[Excerpts from a dataset]
________________________

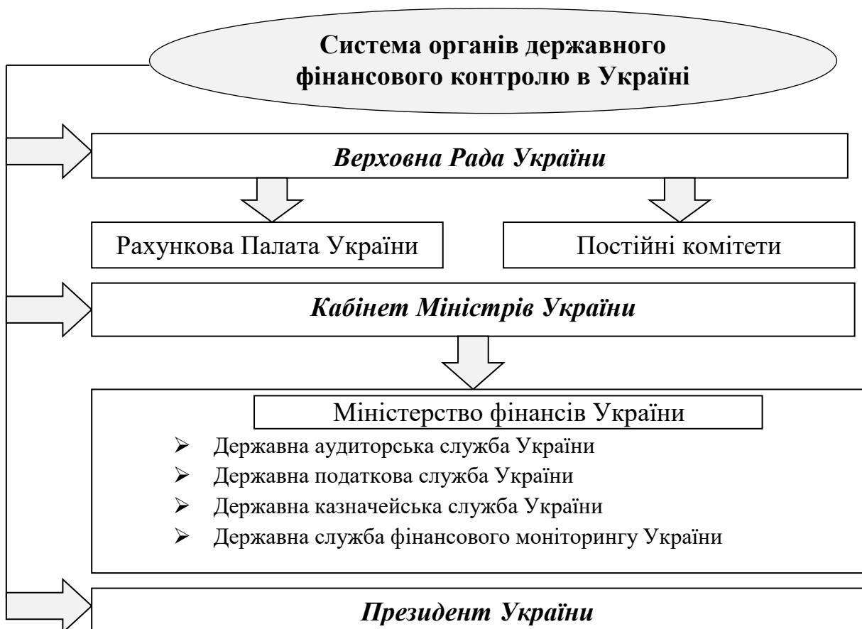
Рис. 1. Система органів державного фінансового контролю в Україні

Управління фінансами в державі здійснюється через систему державних органів та інститутів за допомогою форм і методів організації управлінської діяльності. Органи, що здійснюють фінансовий контроль, утворюють систему, що складається з трьох основних груп: органи, що здійснюють загальнодержавний контроль (Верховна Рада України, Кабінет Міністрів України); органи відомчого фінансового контролю (Міністерство фінансів України); органи, що здійснюють незалежний фінансовий контроль (аудиторські організації) (рис. 1).
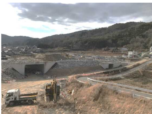
ヤード全景（工事起点右側より）
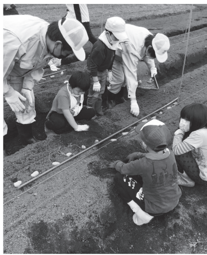
◀ジャガイモの植え方を優しく教える高校生たち
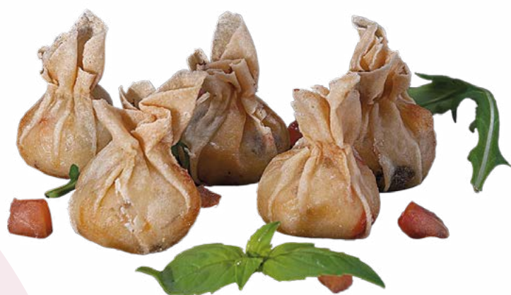
SAQUITO DE MARISCO DELEITA – 1,5 KG
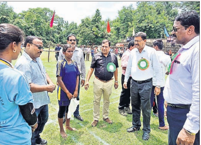
ପ୍ରତିଯୋଗିତାରେ ଉପସ୍ଥିତ ଅତିଥି ।
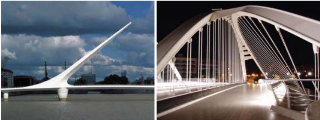
Figura 5: Puentes de Alamillo y Lusitania, de Santiago Calatrava

Los puentes de Calatrava utilizan no solo las más sofisticadas aleaciones de acero, que le conceden a los miembros estructurales resistencia, a la vez que ligereza, sino que además integran el manejo de la forma y el equilibrio con los conceptos más innovadores de sismorresistencia, a base de amortiguadores, tirantes, rigidizadores, sistemas computarizados, nodos inteligentes y contrapesos. Sus obras son excelentes ejemplos de nuevas asociaciones y dejan abiertos cursos de acción retadores para las próximas generaciones.
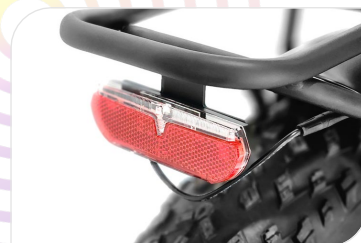
Luce posteriore alimentata con funzione stop
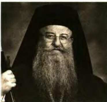
Ο γέρον μτροπολίτης Θεσσαλονίκης Ανθίμος τόνισε ότι η κυβέρνηση δεν υπολογίζει τα σημερινά δεδομένα.

Σε αυτό το κλίμα που διαμορφώνεται αρκετοί ιεράρχες έχουν αρχίσει να καθοβλήθουν τη σύγκληση έκτακτης Ιεραρχίας.
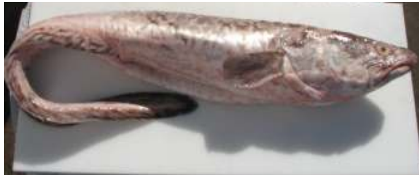
Congrio Dorado Entero
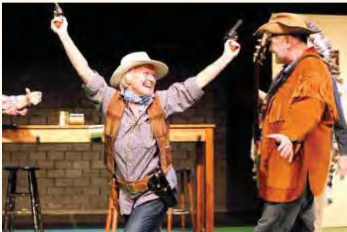
Die glorreichen Sechs
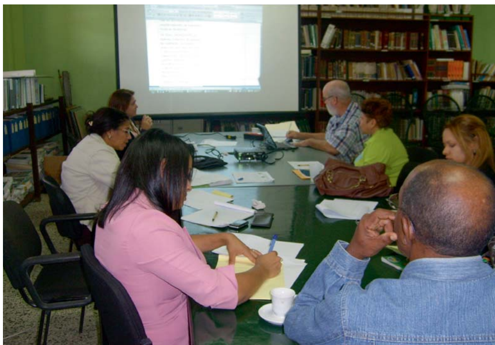
Equipo Técnico de Seguimiento (ENBPA)
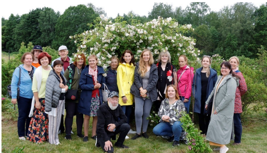
Aianduskooli roosihuvilised Roosoja roosariumis

dersellitamist. Ilm ka muudkui paranes, mis soosis meie retke igati. Siirdusime Mahtra talurahvamuuseumi Atla mõisa aladel. Tutvusime väljapanekutega ja muu hulgas andis giid meile väga hari-va ülevaate piirkonna ajaloost. Matkasime looduspaikades, leidsime karste ja hiidrahne. Kõige vapram meist isegi vallutas Eestimaa Kivide Kuninga!
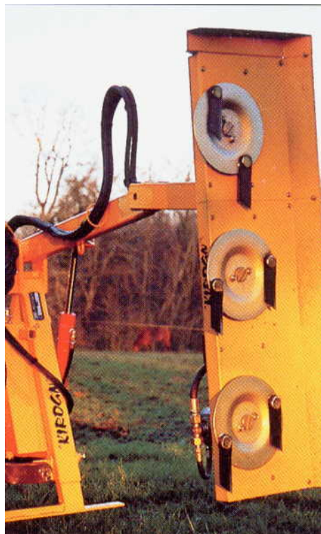
Lamier à couteaux : hauteur de coupe : 2 m
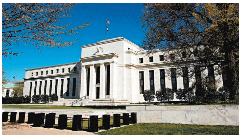
●有分析認為，美國大選結果或將成為市場對於2025年聯儲局減息周期預期的最大變數。圖為聯儲局大樓。資料圖片

時，尋找機會策略性地增加存續期風險，或在其他G10國家債券市場增加存續期，因為這些市場的降息周期較淺，並已在近期市場中反映。

________________________

An exact copy of the records is required. Pictures do not belong in it.

Solution to the problem
Рис. 1. Система органів державного фінансового контролю в Україні

Управління фінансами в державі здійснюється через систему державних органів та інститутів за допомогою форм і методів організації управлінської діяльності. Органи, що здійснюють фінансовий контроль, утворюють систему, що складається з трьох основних груп: органи, що здійснюють загальнодержавний контроль (Верховна Рада України, Кабінет Міністрів України); органи відомчого фінансового контролю (Міністерство фінансів України); органи, що здійснюють незалежний фінансовий контроль (аудиторські організації) (рис. 1).
ヤード全景（工事起点右側より）
◀ジャガイモの植え方を優しく教える高校生たち
SAQUITO DE MARISCO DELEITA – 1,5 KG
ପ୍ରତିଯୋଗିତାରେ ଉପସ୍ଥିତ ଅତିଥି ।
Figura 5: Puentes de Alamillo y Lusitania, de Santiago Calatrava

Los puentes de Calatrava utilizan no solo las más sofisticadas aleaciones de acero, que le conceden a los miembros estructurales resistencia, a la vez que ligereza, sino que además integran el manejo de la forma y el equilibrio con los conceptos más innovadores de sismorresistencia, a base de amortiguadores, tirantes, rigidizadores, sistemas computarizados, nodos inteligentes y contrapesos. Sus obras son excelentes ejemplos de nuevas asociaciones y dejan abiertos cursos de acción retadores para las próximas generaciones.
Luce posteriore alimentata con funzione stop
Ο γέρον μτροπολίτης Θεσσαλονίκης Ανθίμος τόνισε ότι η κυβέρνηση δεν υπολογίζει τα σημερινά δεδομένα.

Σε αυτό το κλίμα που διαμορφώνεται αρκετοί ιεράρχες έχουν αρχίσει να καθοβλήθουν τη σύγκληση έκτακτης Ιεραρχίας.
Congrio Dorado Entero
Die glorreichen Sechs
Equipo Técnico de Seguimiento (ENBPA)
Aianduskooli roosihuvilised Roosoja roosariumis

dersellitamist. Ilm ka muudkui paranes, mis soosis meie retke igati. Siirdusime Mahtra talurahvamuuseumi Atla mõisa aladel. Tutvusime väljapanekutega ja muu hulgas andis giid meile väga hari-va ülevaate piirkonna ajaloost. Matkasime looduspaikades, leidsime karste ja hiidrahne. Kõige vapram meist isegi vallutas Eestimaa Kivide Kuninga!
Lamier à couteaux : hauteur de coupe : 2 m
●有分析認為，美國大選結果或將成為市場對於2025年聯儲局減息周期預期的最大變數。圖為聯儲局大樓。資料圖片

時，尋找機會策略性地增加存續期風險，或在其他G10國家債券市場增加存續期，因為這些市場的降息周期較淺，並已在近期市場中反映。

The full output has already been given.